WHAT YOU WILL DO: Repeat, exactly as they appear, the lines from the one with "The hálf-skæri tegund" through the last line of the entries below, but none of the pictures.

DATA EXTRACT:
══════════
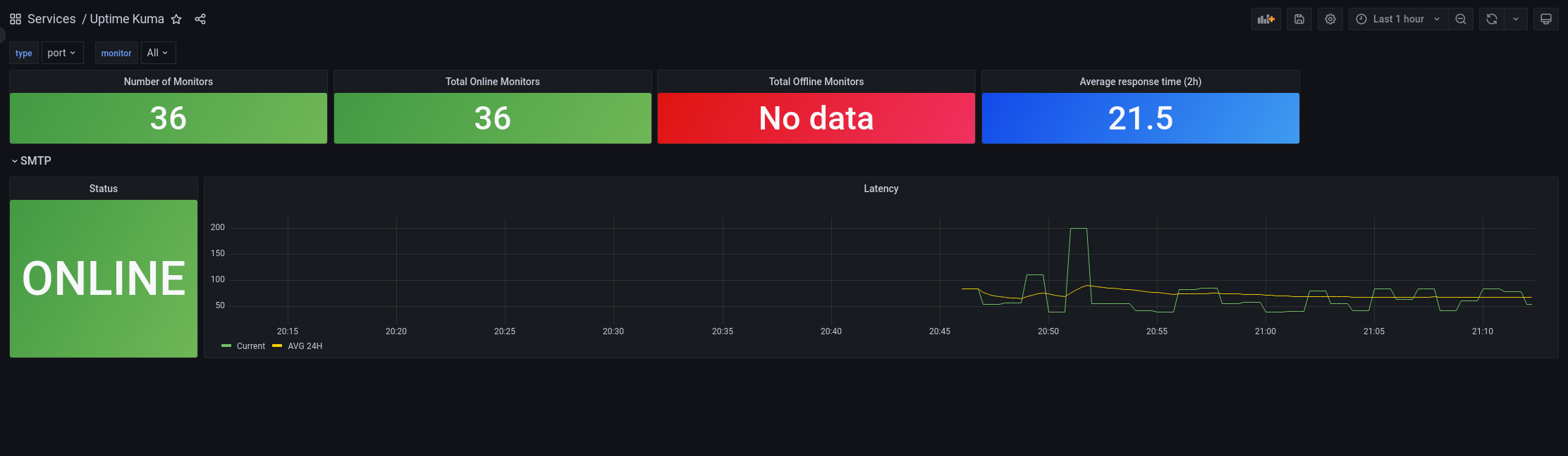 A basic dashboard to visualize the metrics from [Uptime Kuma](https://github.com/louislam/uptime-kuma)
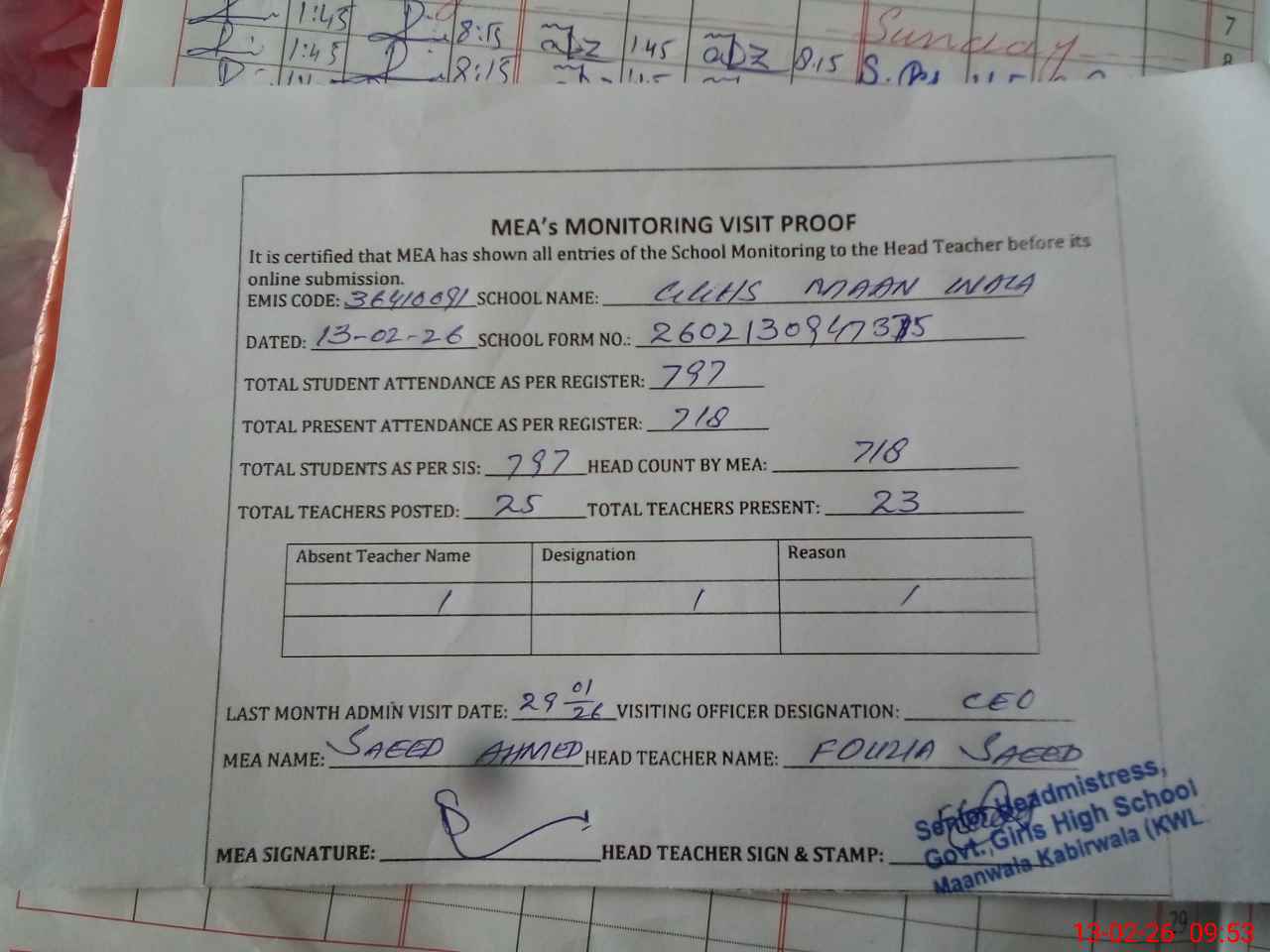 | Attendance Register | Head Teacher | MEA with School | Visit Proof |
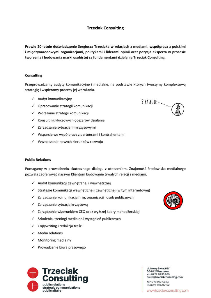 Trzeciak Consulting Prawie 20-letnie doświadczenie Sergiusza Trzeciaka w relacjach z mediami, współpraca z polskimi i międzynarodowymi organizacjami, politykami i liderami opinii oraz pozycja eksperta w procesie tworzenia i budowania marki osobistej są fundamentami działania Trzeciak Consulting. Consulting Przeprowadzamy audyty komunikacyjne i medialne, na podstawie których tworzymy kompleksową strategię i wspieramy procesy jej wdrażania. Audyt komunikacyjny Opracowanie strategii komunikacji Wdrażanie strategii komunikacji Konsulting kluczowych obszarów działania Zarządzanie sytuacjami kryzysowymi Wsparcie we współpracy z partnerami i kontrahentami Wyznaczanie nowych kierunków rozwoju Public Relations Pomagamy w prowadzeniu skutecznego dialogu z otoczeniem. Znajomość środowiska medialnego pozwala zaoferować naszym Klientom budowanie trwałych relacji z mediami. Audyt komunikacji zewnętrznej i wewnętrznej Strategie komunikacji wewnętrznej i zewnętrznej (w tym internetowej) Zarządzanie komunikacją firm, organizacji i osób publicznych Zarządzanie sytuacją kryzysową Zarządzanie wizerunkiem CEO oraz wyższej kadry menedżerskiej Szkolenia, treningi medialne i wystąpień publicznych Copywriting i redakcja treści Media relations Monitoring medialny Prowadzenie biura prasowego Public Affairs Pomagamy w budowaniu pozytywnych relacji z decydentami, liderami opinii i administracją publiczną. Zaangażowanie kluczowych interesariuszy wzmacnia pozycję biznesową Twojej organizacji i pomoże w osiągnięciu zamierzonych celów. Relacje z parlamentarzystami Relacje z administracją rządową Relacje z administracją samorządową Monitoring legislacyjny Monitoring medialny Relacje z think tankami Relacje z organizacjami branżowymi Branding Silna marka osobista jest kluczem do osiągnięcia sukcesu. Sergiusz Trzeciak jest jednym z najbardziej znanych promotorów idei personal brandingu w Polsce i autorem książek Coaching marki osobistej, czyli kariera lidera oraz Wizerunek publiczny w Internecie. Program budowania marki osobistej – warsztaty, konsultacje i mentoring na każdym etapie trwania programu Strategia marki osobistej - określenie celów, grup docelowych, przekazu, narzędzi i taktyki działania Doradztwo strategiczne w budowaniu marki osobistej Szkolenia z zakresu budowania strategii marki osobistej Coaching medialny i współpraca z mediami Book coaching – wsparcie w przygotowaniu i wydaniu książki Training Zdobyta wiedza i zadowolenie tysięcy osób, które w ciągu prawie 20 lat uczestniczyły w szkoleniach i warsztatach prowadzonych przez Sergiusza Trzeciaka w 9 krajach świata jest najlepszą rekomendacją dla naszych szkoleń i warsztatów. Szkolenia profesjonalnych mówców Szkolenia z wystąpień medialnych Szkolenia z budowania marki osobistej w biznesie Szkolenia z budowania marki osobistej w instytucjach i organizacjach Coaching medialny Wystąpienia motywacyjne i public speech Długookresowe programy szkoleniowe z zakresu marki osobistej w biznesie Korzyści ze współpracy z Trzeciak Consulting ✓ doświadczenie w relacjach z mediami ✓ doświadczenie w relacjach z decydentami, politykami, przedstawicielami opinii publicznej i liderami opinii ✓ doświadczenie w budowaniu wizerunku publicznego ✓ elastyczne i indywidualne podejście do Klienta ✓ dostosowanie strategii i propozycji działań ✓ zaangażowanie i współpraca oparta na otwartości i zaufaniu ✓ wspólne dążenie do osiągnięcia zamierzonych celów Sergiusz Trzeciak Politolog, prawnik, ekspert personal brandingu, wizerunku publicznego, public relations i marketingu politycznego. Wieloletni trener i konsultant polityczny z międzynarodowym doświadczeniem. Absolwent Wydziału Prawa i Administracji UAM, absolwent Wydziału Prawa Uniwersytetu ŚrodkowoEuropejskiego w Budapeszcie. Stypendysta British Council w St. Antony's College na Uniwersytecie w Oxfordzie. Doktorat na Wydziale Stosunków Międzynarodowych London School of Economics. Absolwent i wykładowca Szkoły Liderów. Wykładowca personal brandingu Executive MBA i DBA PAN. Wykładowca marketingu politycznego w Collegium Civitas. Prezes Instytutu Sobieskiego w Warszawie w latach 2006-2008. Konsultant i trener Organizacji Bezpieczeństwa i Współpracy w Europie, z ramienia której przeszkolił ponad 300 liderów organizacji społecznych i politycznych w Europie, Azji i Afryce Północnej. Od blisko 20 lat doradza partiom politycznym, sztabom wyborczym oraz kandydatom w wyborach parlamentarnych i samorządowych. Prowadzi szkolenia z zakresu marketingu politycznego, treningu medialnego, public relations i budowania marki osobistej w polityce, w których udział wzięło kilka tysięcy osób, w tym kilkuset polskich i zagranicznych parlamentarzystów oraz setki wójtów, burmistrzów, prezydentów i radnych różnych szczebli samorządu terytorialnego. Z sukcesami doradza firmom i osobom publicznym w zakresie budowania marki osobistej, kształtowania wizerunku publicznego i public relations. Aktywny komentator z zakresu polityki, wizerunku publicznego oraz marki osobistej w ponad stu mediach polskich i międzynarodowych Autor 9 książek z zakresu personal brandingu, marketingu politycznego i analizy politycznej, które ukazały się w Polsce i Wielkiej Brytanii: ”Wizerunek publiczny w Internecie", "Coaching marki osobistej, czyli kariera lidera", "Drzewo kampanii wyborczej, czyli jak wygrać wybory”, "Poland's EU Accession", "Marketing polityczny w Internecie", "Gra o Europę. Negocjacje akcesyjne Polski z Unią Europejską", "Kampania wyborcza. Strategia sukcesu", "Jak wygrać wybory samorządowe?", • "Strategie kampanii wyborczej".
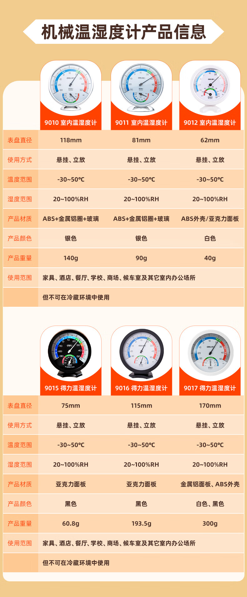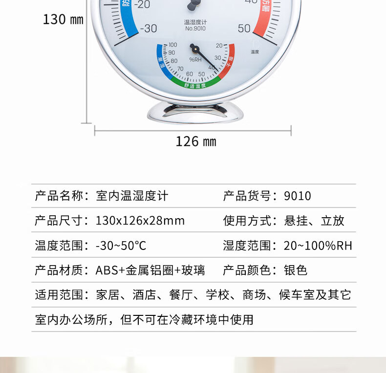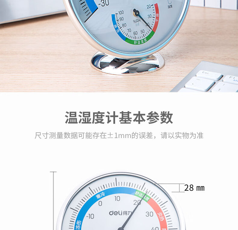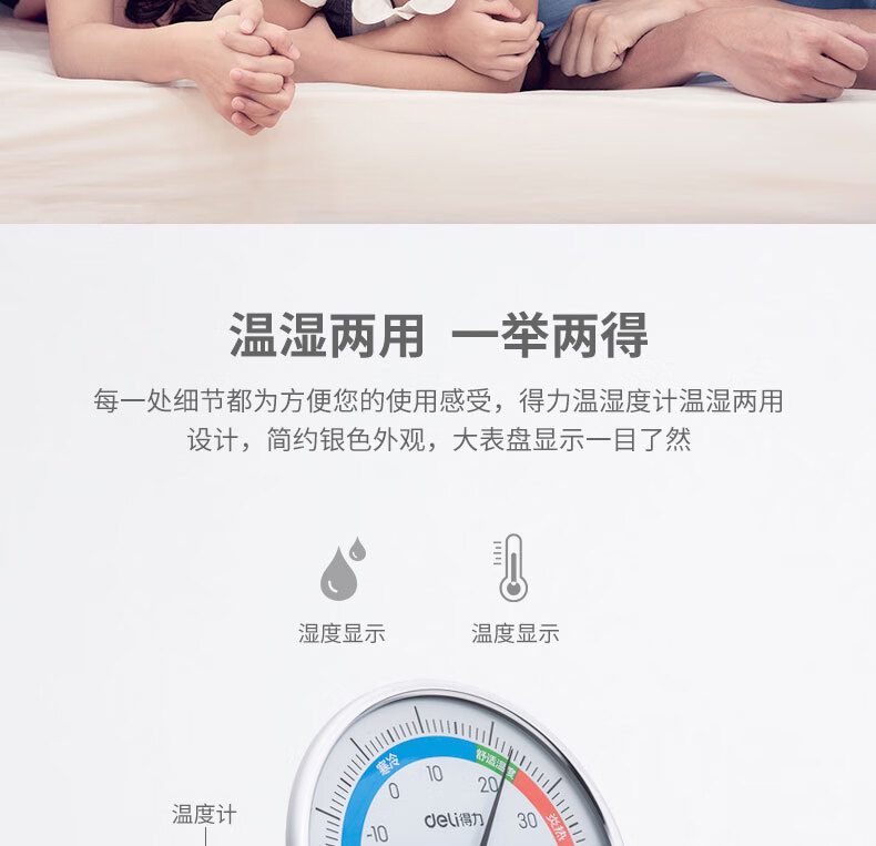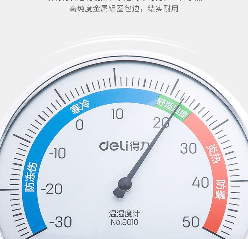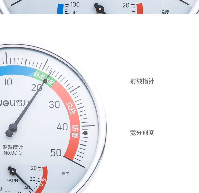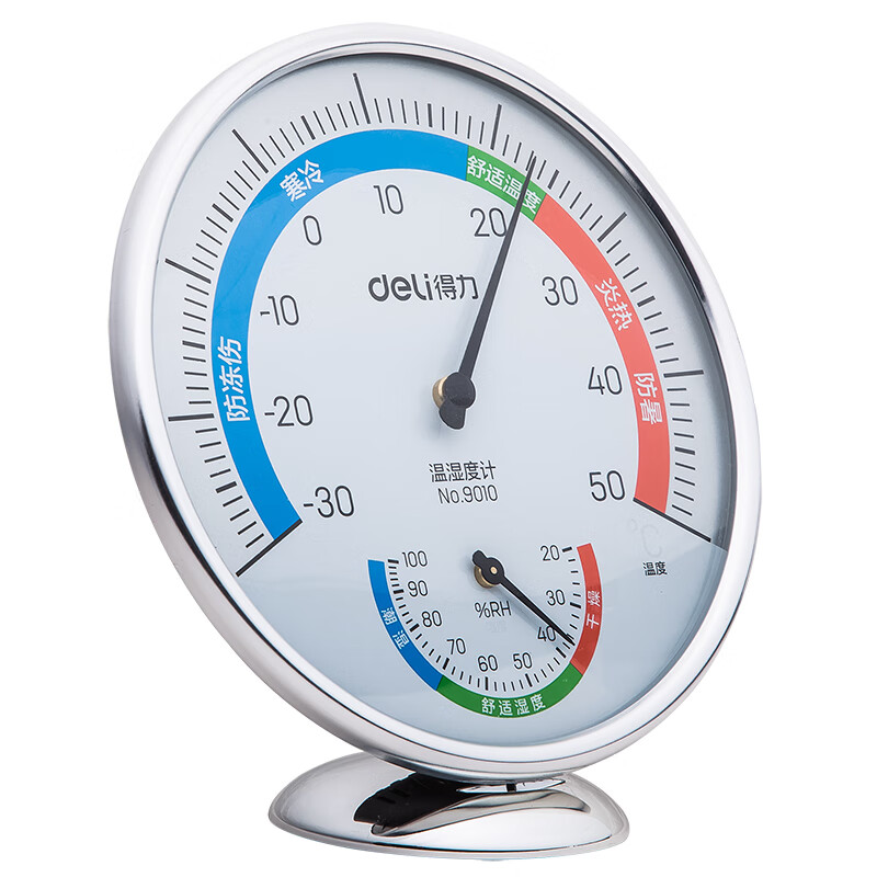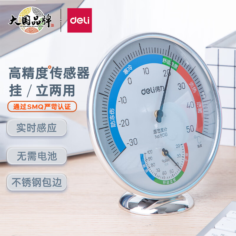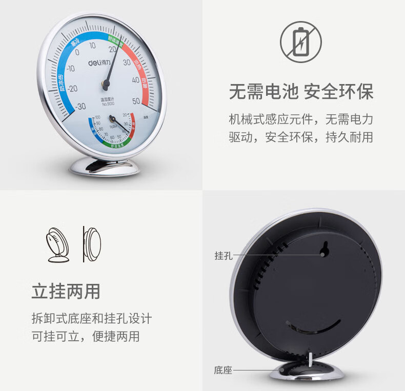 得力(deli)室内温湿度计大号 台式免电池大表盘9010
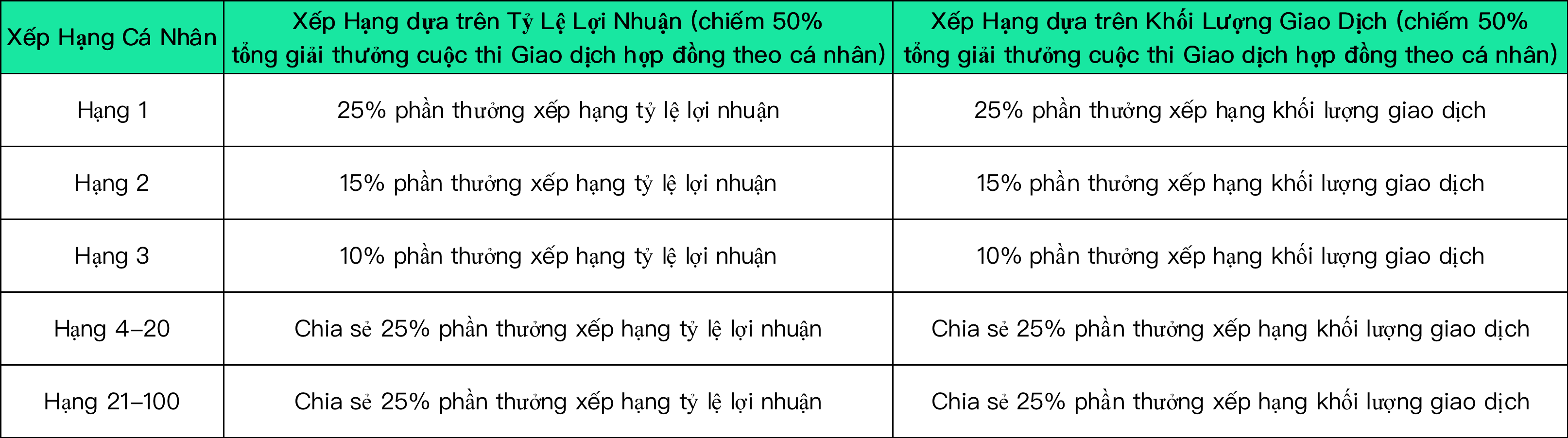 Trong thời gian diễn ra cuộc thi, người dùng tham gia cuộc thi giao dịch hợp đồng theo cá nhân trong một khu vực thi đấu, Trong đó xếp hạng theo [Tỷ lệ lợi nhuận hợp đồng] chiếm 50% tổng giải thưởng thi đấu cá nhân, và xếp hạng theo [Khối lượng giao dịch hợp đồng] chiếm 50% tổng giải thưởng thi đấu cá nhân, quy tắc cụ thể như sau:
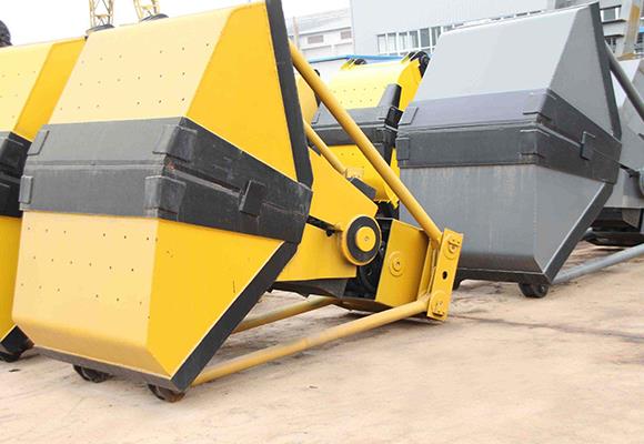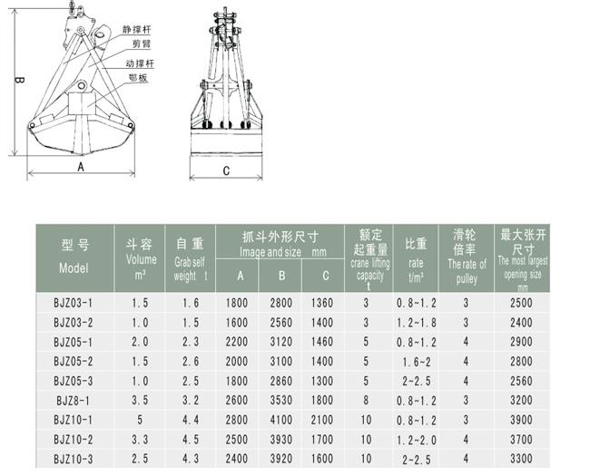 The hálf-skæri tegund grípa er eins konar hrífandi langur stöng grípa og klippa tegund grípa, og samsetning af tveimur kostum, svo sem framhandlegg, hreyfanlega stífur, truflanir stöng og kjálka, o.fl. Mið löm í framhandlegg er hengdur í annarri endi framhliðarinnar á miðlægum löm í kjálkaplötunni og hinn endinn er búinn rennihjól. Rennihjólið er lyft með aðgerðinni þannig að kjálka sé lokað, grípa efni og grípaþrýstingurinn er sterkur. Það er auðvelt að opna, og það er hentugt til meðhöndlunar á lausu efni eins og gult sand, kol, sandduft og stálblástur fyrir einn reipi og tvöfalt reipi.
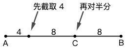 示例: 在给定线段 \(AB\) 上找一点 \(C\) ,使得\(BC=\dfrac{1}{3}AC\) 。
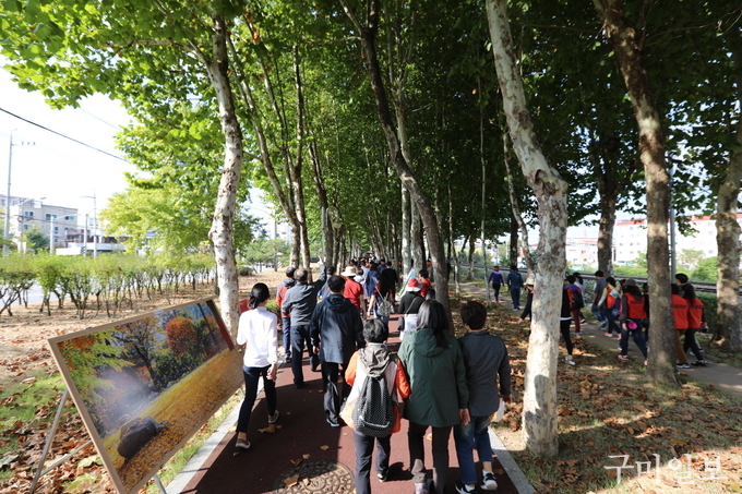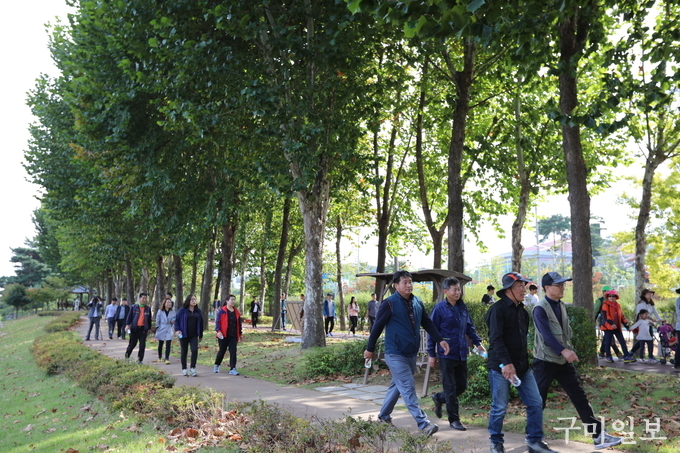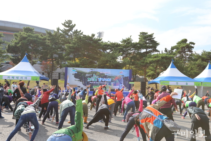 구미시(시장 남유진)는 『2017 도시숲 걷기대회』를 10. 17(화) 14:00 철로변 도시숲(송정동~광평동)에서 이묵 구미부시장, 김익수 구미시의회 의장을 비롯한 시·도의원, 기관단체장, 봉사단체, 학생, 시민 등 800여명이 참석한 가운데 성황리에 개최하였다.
══════════
ANSWER BELOW:
 The hálf-skæri tegund grípa er eins konar hrífandi langur stöng grípa og klippa tegund grípa, og samsetning af tveimur kostum, svo sem framhandlegg, hreyfanlega stífur, truflanir stöng og kjálka, o.fl. Mið löm í framhandlegg er hengdur í annarri endi framhliðarinnar á miðlægum löm í kjálkaplötunni og hinn endinn er búinn rennihjól. Rennihjólið er lyft með aðgerðinni þannig að kjálka sé lokað, grípa efni og grípaþrýstingurinn er sterkur. Það er auðvelt að opna, og það er hentugt til meðhöndlunar á lausu efni eins og gult sand, kol, sandduft og stálblástur fyrir einn reipi og tvöfalt reipi.
 示例: 在给定线段 \(AB\) 上找一点 \(C\) ,使得\(BC=\dfrac{1}{3}AC\) 。
 구미시(시장 남유진)는 『2017 도시숲 걷기대회』를 10. 17(화) 14:00 철로변 도시숲(송정동~광평동)에서 이묵 구미부시장, 김익수 구미시의회 의장을 비롯한 시·도의원, 기관단체장, 봉사단체, 학생, 시민 등 800여명이 참석한 가운데 성황리에 개최하였다.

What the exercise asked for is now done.